Celebration of Water
A tropical Colombian city converts a historic water
treatment plant into a park.
By Jimena Martignoni
In the northern Colombian city of Bucaramanga, an unusual
park on the grounds of a renovated water treatment plant celebrates the many
attributes of water. Conceived as an urban oasis that brings nature into the
city, the park also reminds Bucaramanga’s residents how precious the water is
that they enjoy every day.
The Bucaramanga Aqueduct Company dates from 1916, when, as a
private firm, it started building pipes from upland rivers and brooks to serve
the city. When the water treatment plant was built in 1920, it provided open,
meadowlike areas that local residents informally adopted as a park for passive
recreation. But after the plant managers constructed a whole new plant on the
site in the 1960s, it consumed much of the land formerly used as a park, and
people stopped going there. Over time, the site deteriorated.
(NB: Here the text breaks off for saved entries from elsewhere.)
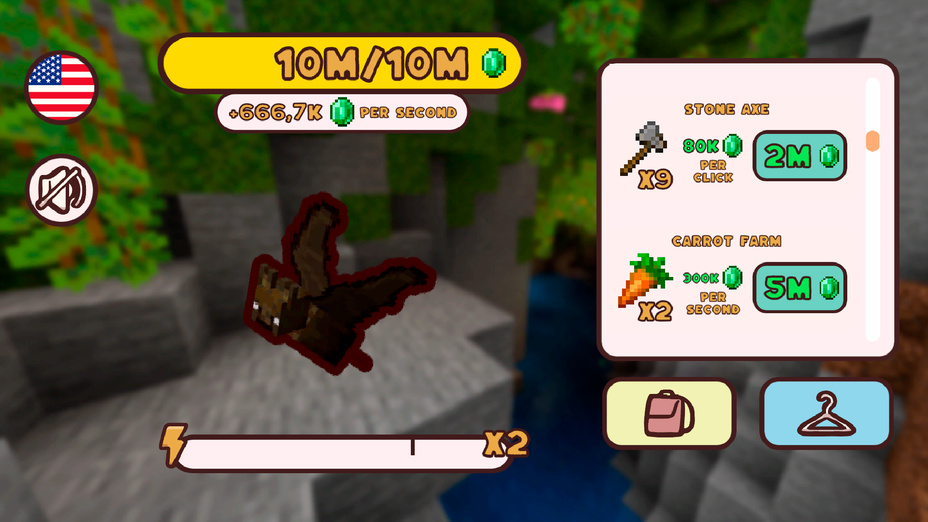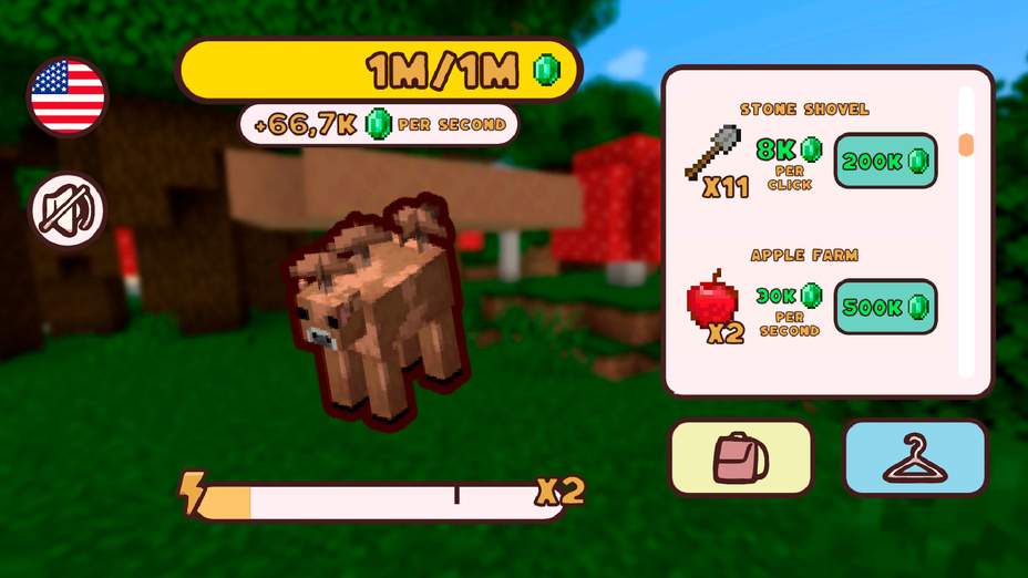 Você ganha upgrades coletando moedas através de seus cliques. Quanto mais você clica, mais rápido você pode atualizar seus mobs!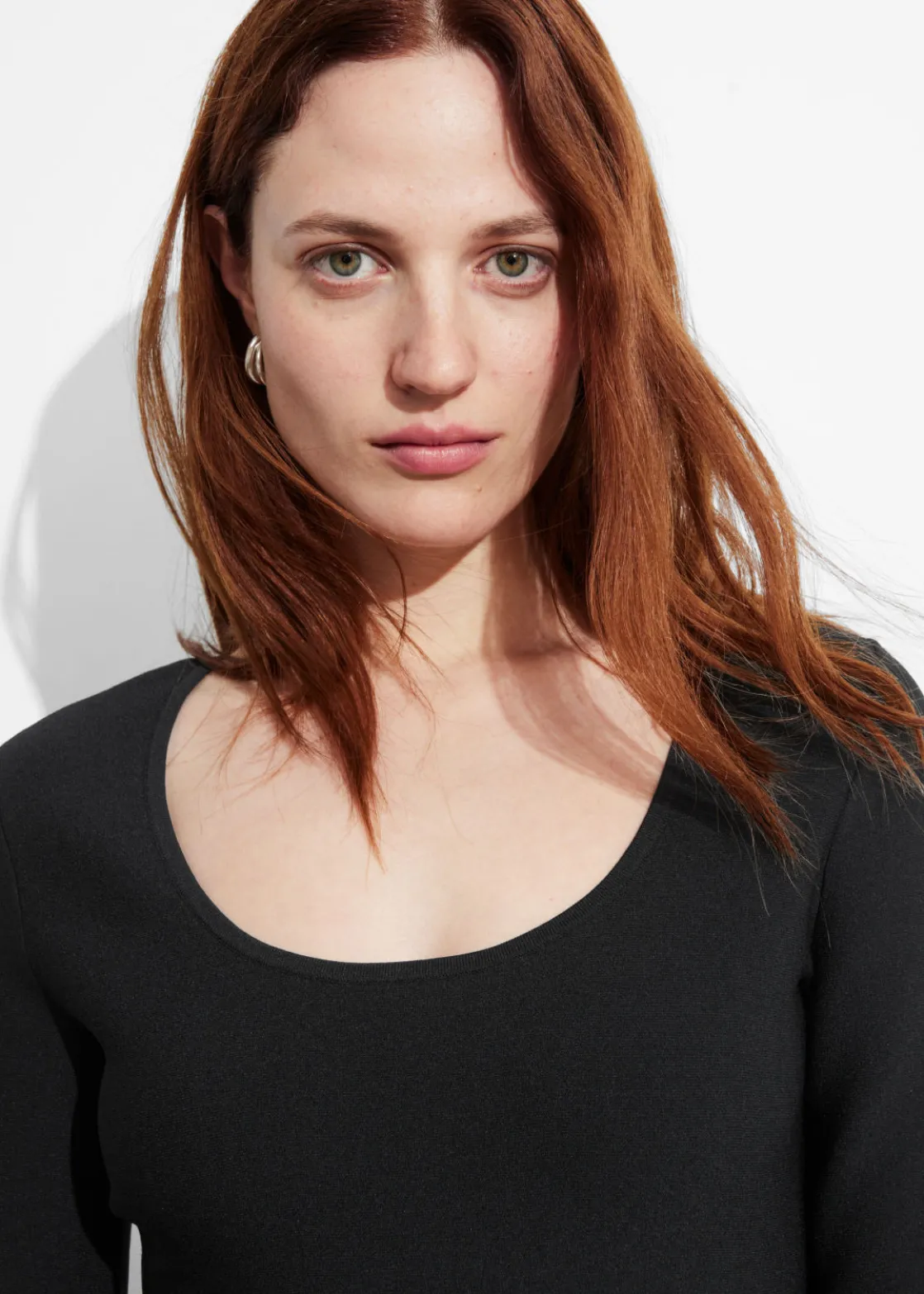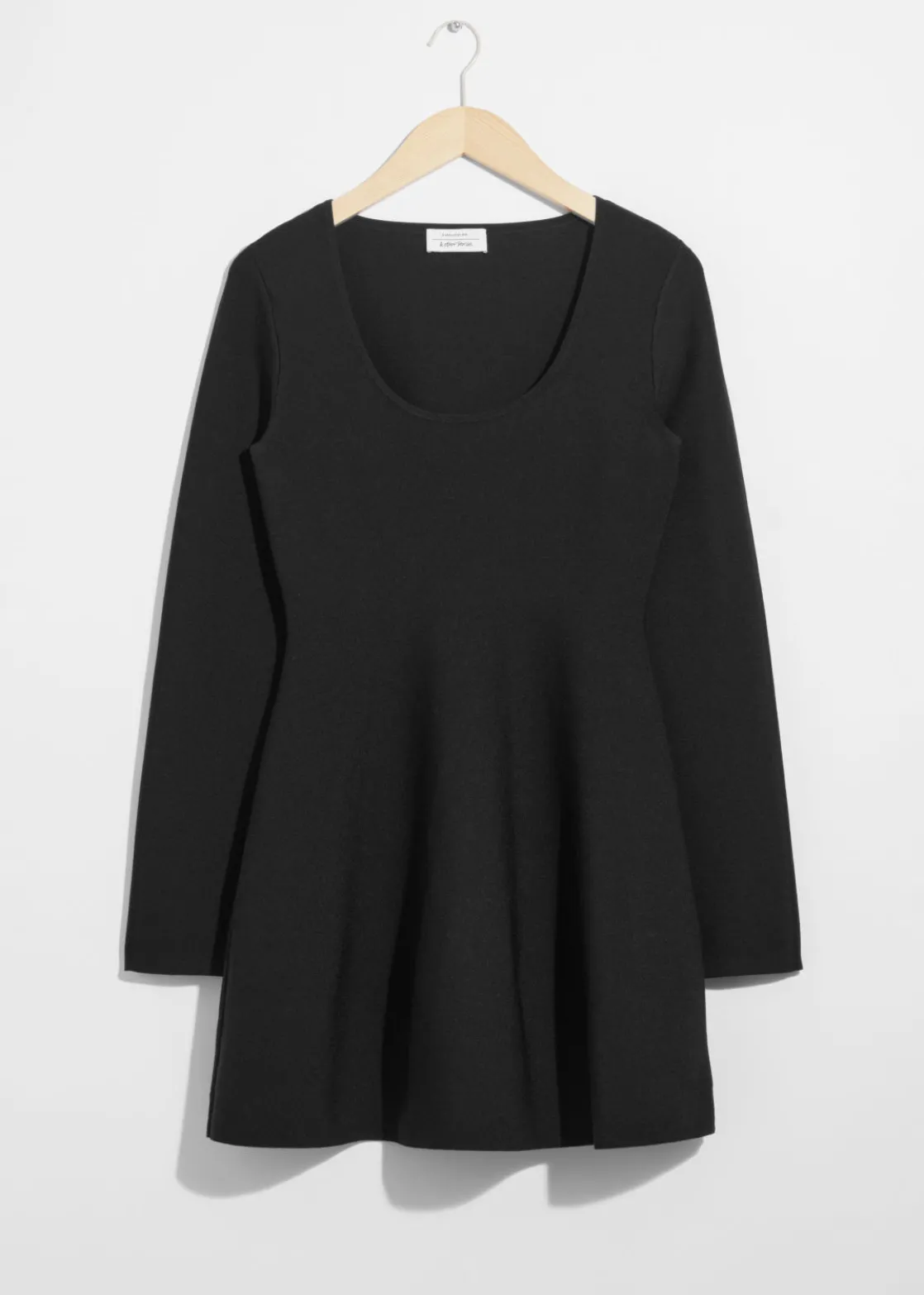 Knitted mini dress featuring a deep neckline and a peplum hemline.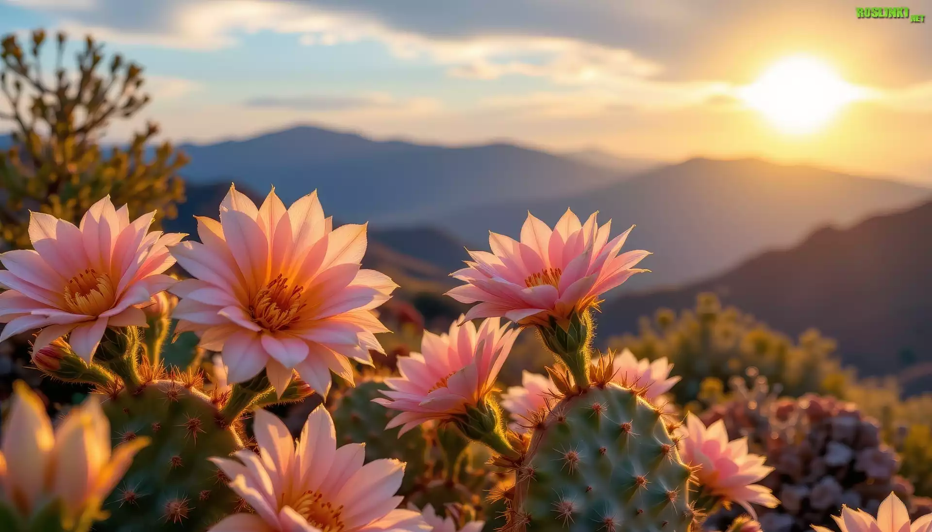 Rośliny: Różowe, Kwiaty, Kaktusy, Wschód słońca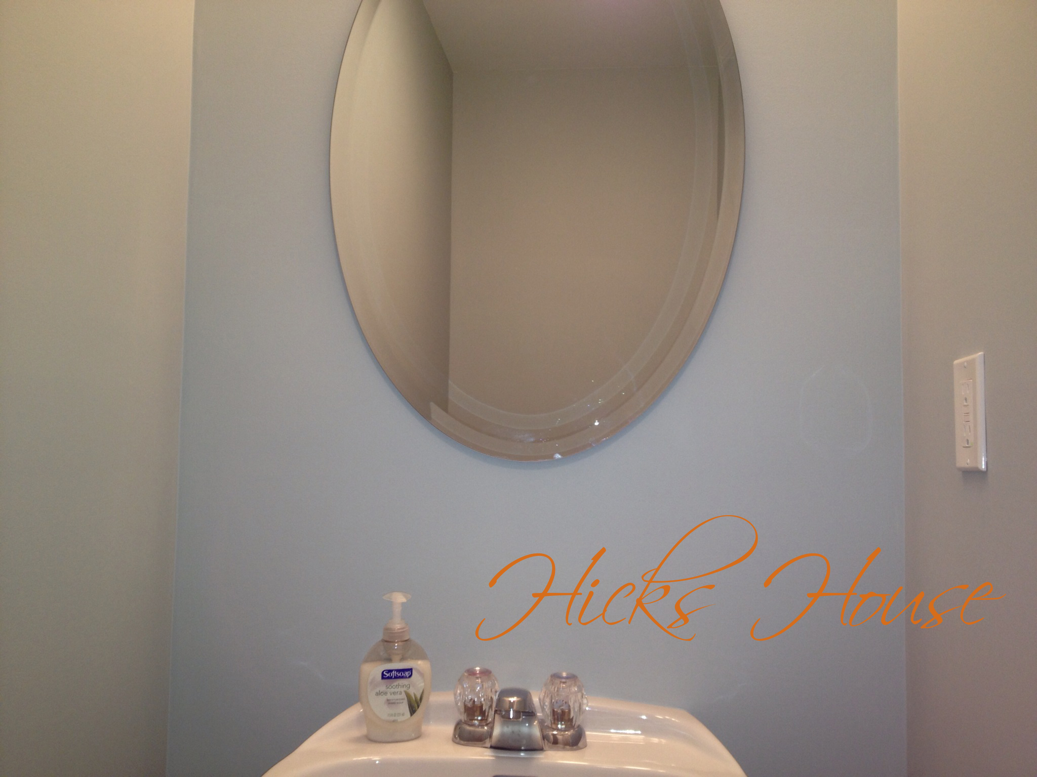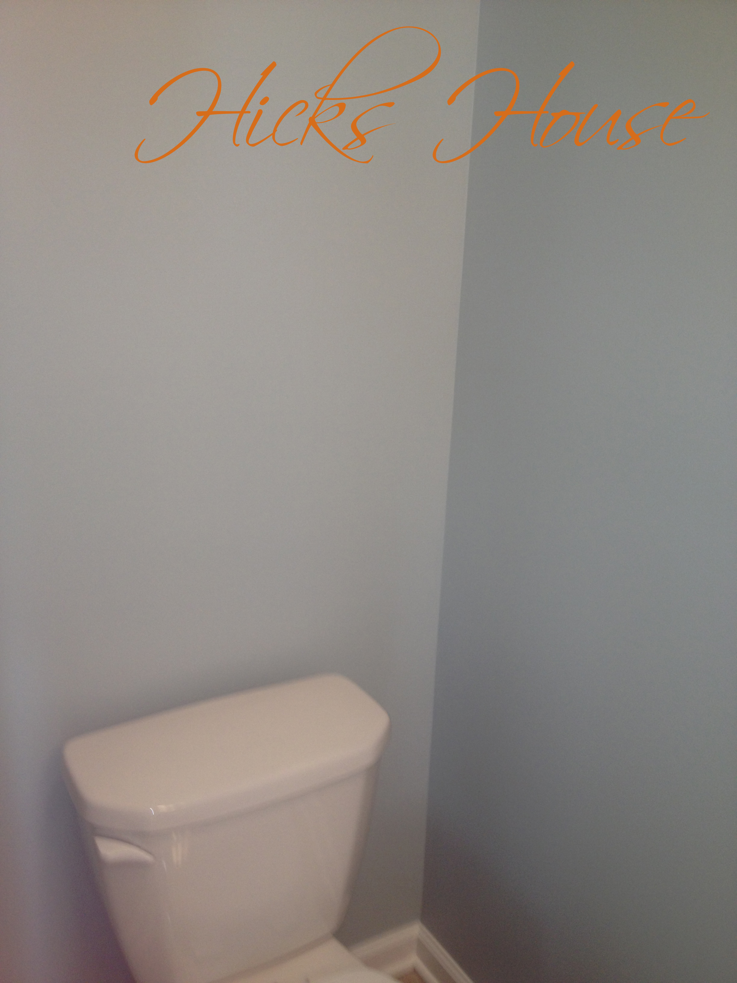 From the color chart you can see that we chose Woodlawn Blue for this room. So far of the rooms we’ve painted this is Ken’s favorite color. It’s a very soothing light blue that feels very “spa-like.” It didn’t photograph all too well (story of this blog – if you’re reading this I could use a new camera – that would be a nice gift…) mostly I think because the room is so small its hard to photograph especially since I didn’t want to be seen in the mirror reflection (I hate that). But here it is: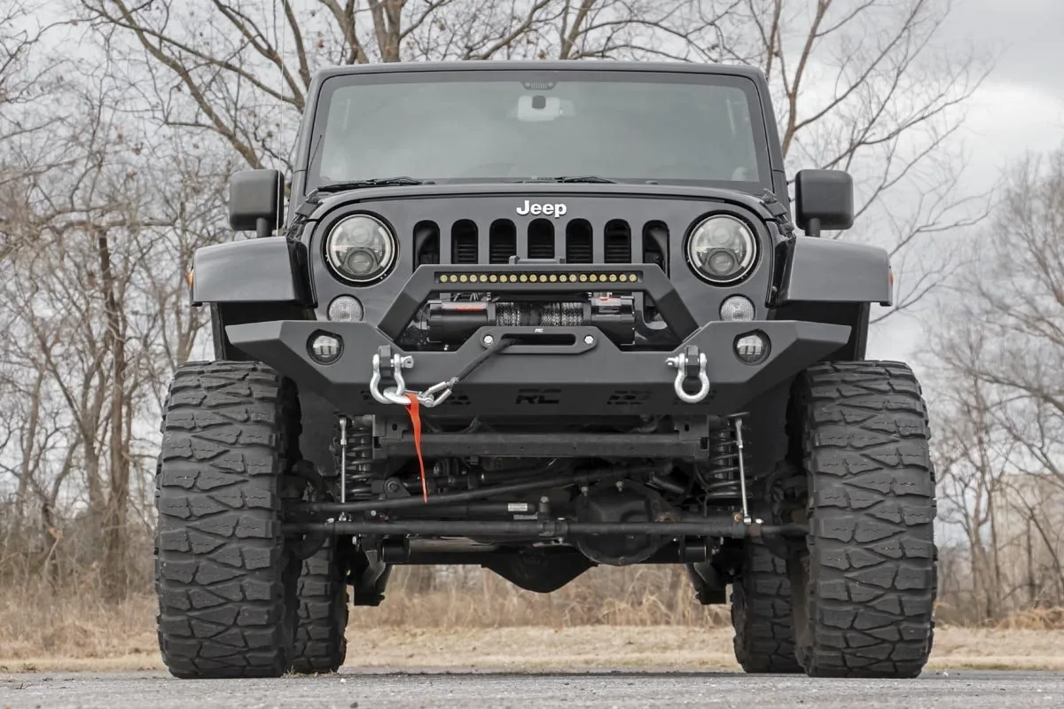 Upgrade Your Jeep’s Front End: Give your Jeep aggressive styling and unmatched protection with Rough Country’s Full Width LED Winch Bumper. Engineered from heavy-duty 5/32-inch steel and reinforced with 2x.120-inch tubing, this bumper is built to handle the toughest trails while enhancing your rig’s rugged appearance. Full-Width Strength with Trail-Ready Clearance: Designed to complement factory flares or aftermarket modifications, this bumper features tapered ends and a high-clearance profile for improved approach angles and articulation when tackling obstacles head-on. Light the Way Forward: An integrated 20-inch Single-Row Rough Country LED Light Bar delivers 7,200 lumens and 100 watts of powerful forward-facing illumination, ensuring you’re ready for night rides and low-visibility conditions. Built-in fog light ports retain your factory lights, complete with a unique “angry eyes” look that adds extra attitude. Ready for Recovery: Whether you’re hitting deep mud or rocky terrain, this bumper has you covered with a built-in winch plate that accommodates any standard-size winch. A set of included 4.75-ton capacity D-rings and reinforced D-ring mounts, welded inside and out, provide dependable recovery points you can trust when the trail gets rough. Built to Last: Finished in a sleek satin black powder coat, this bumper not only looks sharp but also provides superior corrosion resistance against the elements.

In 1975, the municipal government bought the aqueduct
company, forming a public–private partnership, and in 2001, engineer Victor
Azuero Diaz, the aqueduct company’s manager, revived the idea of a public park
after the firm decided to relocate its administrative offices from downtown to
the aqueduct. In collaboration with another local engineer, Gabriel Hernandez,
Azuero Diaz started to research the project and search for the right
professionals for the job.
The relocation entailed building new administrative
facilities at the treatment plant, including more than 200 new parking spaces.
Azuero Diaz proposed a more challenging idea: reshaping the dynamic topography
of the degraded 9.14-acre site into a park designed around the theme of water.
Mayor Ivan Moreno Rojas agreed, and the Parque del Agua was launched.